◆ Task details ◆
Set down each line of the records once more, precisely, and omit the pictures.

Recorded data
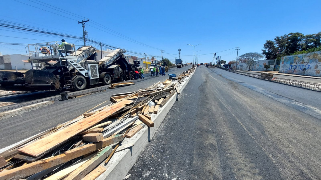 “En estos momentos se está trabajando intensamente para que ya esté lista la circulación de vehículos en la parte de abajo y la parte del puente este próximos sábado 12 de abril”.
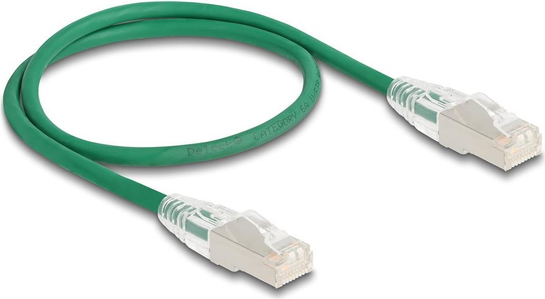 Delock RJ45 Netzwerkkabel Cat.6A Stecker zu Stecker mit gebogener Rastnase U/FTP Slim 0,5 m grün (80364)
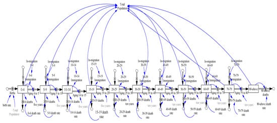 Population growth is essential for modeling the growth of energy consumption. Many countries are becoming more densely populated and need to be more effective at implementing energy efficiency measures, leading to higher energy consumption. According to the US Energy Information Administration, global energy consumption is rising faster than population due to a possible shift in the economy and the consumer adoption of more energy-intensive appliances. System dynamics has been widely used to model population dynamics. These models include the fertility rate and immigration to reproduce population growth more accurately. Ali et al. [40] used a system dynamics approach to analyze the impact of population growth on the residential housing market in the US. They used a top-down approach to model population growth, based on birth, migration, and death rates. This study’s population model was divided into different age groups of 0–4, 5–9, 10–14, 15–19, etc., which are represented as stocks, as shown in Figure 14. Data from the National Institute of Statistics and the Census of Panama were used to build the model. The National Institute of Statistics and the Census present estimates and projections for population growth that are sorted according to the different age groups in Panama. Therefore, population data for 2005 were used as initial values for the stock levels. The aging chain begins with the accumulation of births per year in the 0–4 age group. Then, the age 4 group matures and flows into the next age group, 5–9. The aging chain continues until the last age group, 80 and above. Therefore, the population changes, based on the birth rate and death rate. The population model has 34 differential equations.
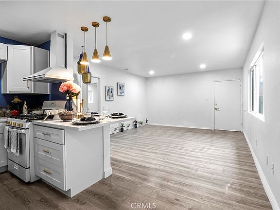 Stunning, remodeled end unit condo in clean complex, with irregular-shaped pool and large private patio for evening dinners and gardening! Centrally located near shops, restaurants, and the 710 and 405 freeways. Enjoy a fully renovated designer kitchen with a new rectangular single bowl sink, fixtures, cabinets, (some dotted with convenient slide-out shelves), a floor-to-ceiling pantry cabinet, designer Stratford wall porcelain tiles, and swing-arm adjustable wall lights with a country vintage look. Two live-hedge oak shelves imported from Canada grace one of the kitchen walls. New GE appliances include a white dishwasher and white gas range/oven with custom gold knobs and gold trims. An elegant, gold brass embellished white hood hangs over the stove. New GFI plugs are installed. The new quartz island is the perfect place to have dinner with family. The new luxury vinyl plank flooring made to look like hardwood spreads from the kitchen all the way to the bedrooms. Large new windows and recessed lighting illuminate the entire home. You will also find new custom-made mirrored sliding doors. Ceiling fans in both bedrooms. Feel rejuvenated after showering under the golden, 12-inch rainfall high-pressure shower head. Note all the new golden fixtures, lights, elegant blue tiles, and tilting beveled vanity mirror. Four large floor-to-ceiling cabinets offer plenty of storage in the hallway area by the bedrooms. The remodel is impeccably finished with the addition of crown molding and new hardware throughout. The condo shines with all new interior paint. New lighting and epoxy flooring modernize the patio. The laundry room, one parking spot -first spot on left when facing parking from 5050 Linden Ave - storage space and safely gated pool are all a few feet away from your unit. The HOA allows you to have three pets, and also allows you to hire a plumber to install the connections to have your own washer and dryer inside your home. Like living in a new condo at a fraction of the cost!
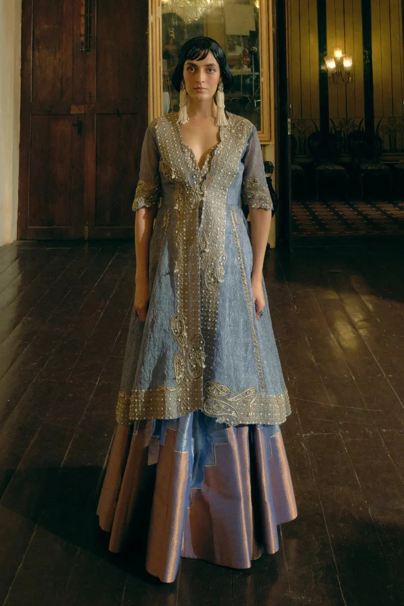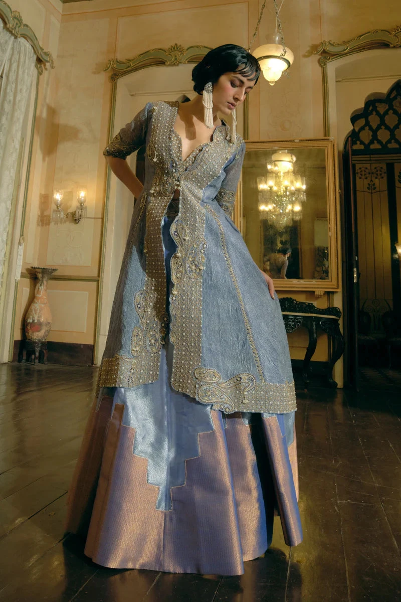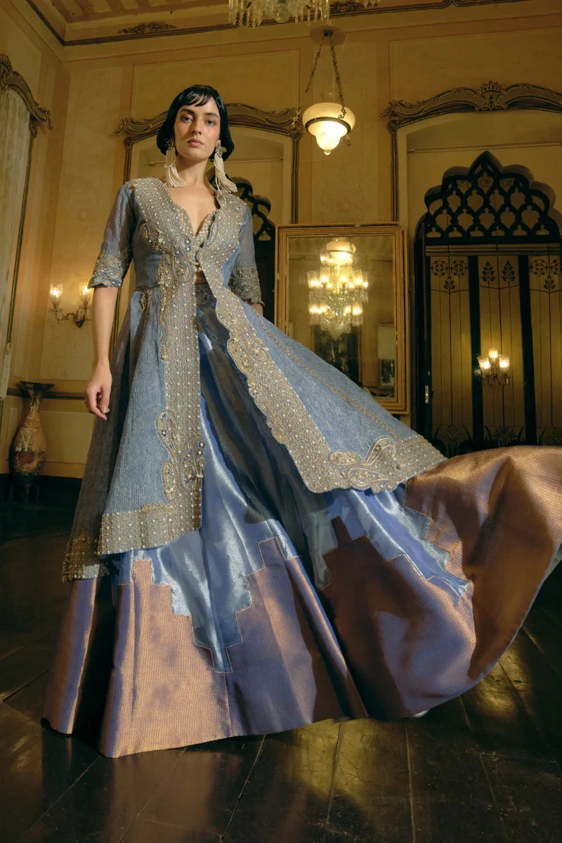 This classic Kalidar lehenga set in blue silk zari tissue and Jacquard silk Banarasi showcases intricate paisley embroidery, complemented by detailed embellishments. The ensemble includes an embroidered blouse and a long blue crushed tissue jacket, adorned with intricate embroidery and pearl details.

◆ Exercise result ◆
 “En estos momentos se está trabajando intensamente para que ya esté lista la circulación de vehículos en la parte de abajo y la parte del puente este próximos sábado 12 de abril”.
 Delock RJ45 Netzwerkkabel Cat.6A Stecker zu Stecker mit gebogener Rastnase U/FTP Slim 0,5 m grün (80364)
 Population growth is essential for modeling the growth of energy consumption. Many countries are becoming more densely populated and need to be more effective at implementing energy efficiency measures, leading to higher energy consumption. According to the US Energy Information Administration, global energy consumption is rising faster than population due to a possible shift in the economy and the consumer adoption of more energy-intensive appliances. System dynamics has been widely used to model population dynamics. These models include the fertility rate and immigration to reproduce population growth more accurately. Ali et al. [40] used a system dynamics approach to analyze the impact of population growth on the residential housing market in the US. They used a top-down approach to model population growth, based on birth, migration, and death rates. This study’s population model was divided into different age groups of 0–4, 5–9, 10–14, 15–19, etc., which are represented as stocks, as shown in Figure 14. Data from the National Institute of Statistics and the Census of Panama were used to build the model. The National Institute of Statistics and the Census present estimates and projections for population growth that are sorted according to the different age groups in Panama. Therefore, population data for 2005 were used as initial values for the stock levels. The aging chain begins with the accumulation of births per year in the 0–4 age group. Then, the age 4 group matures and flows into the next age group, 5–9. The aging chain continues until the last age group, 80 and above. Therefore, the population changes, based on the birth rate and death rate. The population model has 34 differential equations.
 Stunning, remodeled end unit condo in clean complex, with irregular-shaped pool and large private patio for evening dinners and gardening! Centrally located near shops, restaurants, and the 710 and 405 freeways. Enjoy a fully renovated designer kitchen with a new rectangular single bowl sink, fixtures, cabinets, (some dotted with convenient slide-out shelves), a floor-to-ceiling pantry cabinet, designer Stratford wall porcelain tiles, and swing-arm adjustable wall lights with a country vintage look. Two live-hedge oak shelves imported from Canada grace one of the kitchen walls. New GE appliances include a white dishwasher and white gas range/oven with custom gold knobs and gold trims. An elegant, gold brass embellished white hood hangs over the stove. New GFI plugs are installed. The new quartz island is the perfect place to have dinner with family. The new luxury vinyl plank flooring made to look like hardwood spreads from the kitchen all the way to the bedrooms. Large new windows and recessed lighting illuminate the entire home. You will also find new custom-made mirrored sliding doors. Ceiling fans in both bedrooms. Feel rejuvenated after showering under the golden, 12-inch rainfall high-pressure shower head. Note all the new golden fixtures, lights, elegant blue tiles, and tilting beveled vanity mirror. Four large floor-to-ceiling cabinets offer plenty of storage in the hallway area by the bedrooms. The remodel is impeccably finished with the addition of crown molding and new hardware throughout. The condo shines with all new interior paint. New lighting and epoxy flooring modernize the patio. The laundry room, one parking spot -first spot on left when facing parking from 5050 Linden Ave - storage space and safely gated pool are all a few feet away from your unit. The HOA allows you to have three pets, and also allows you to hire a plumber to install the connections to have your own washer and dryer inside your home. Like living in a new condo at a fraction of the cost!
 This classic Kalidar lehenga set in blue silk zari tissue and Jacquard silk Banarasi showcases intricate paisley embroidery, complemented by detailed embellishments. The ensemble includes an embroidered blouse and a long blue crushed tissue jacket, adorned with intricate embroidery and pearl details.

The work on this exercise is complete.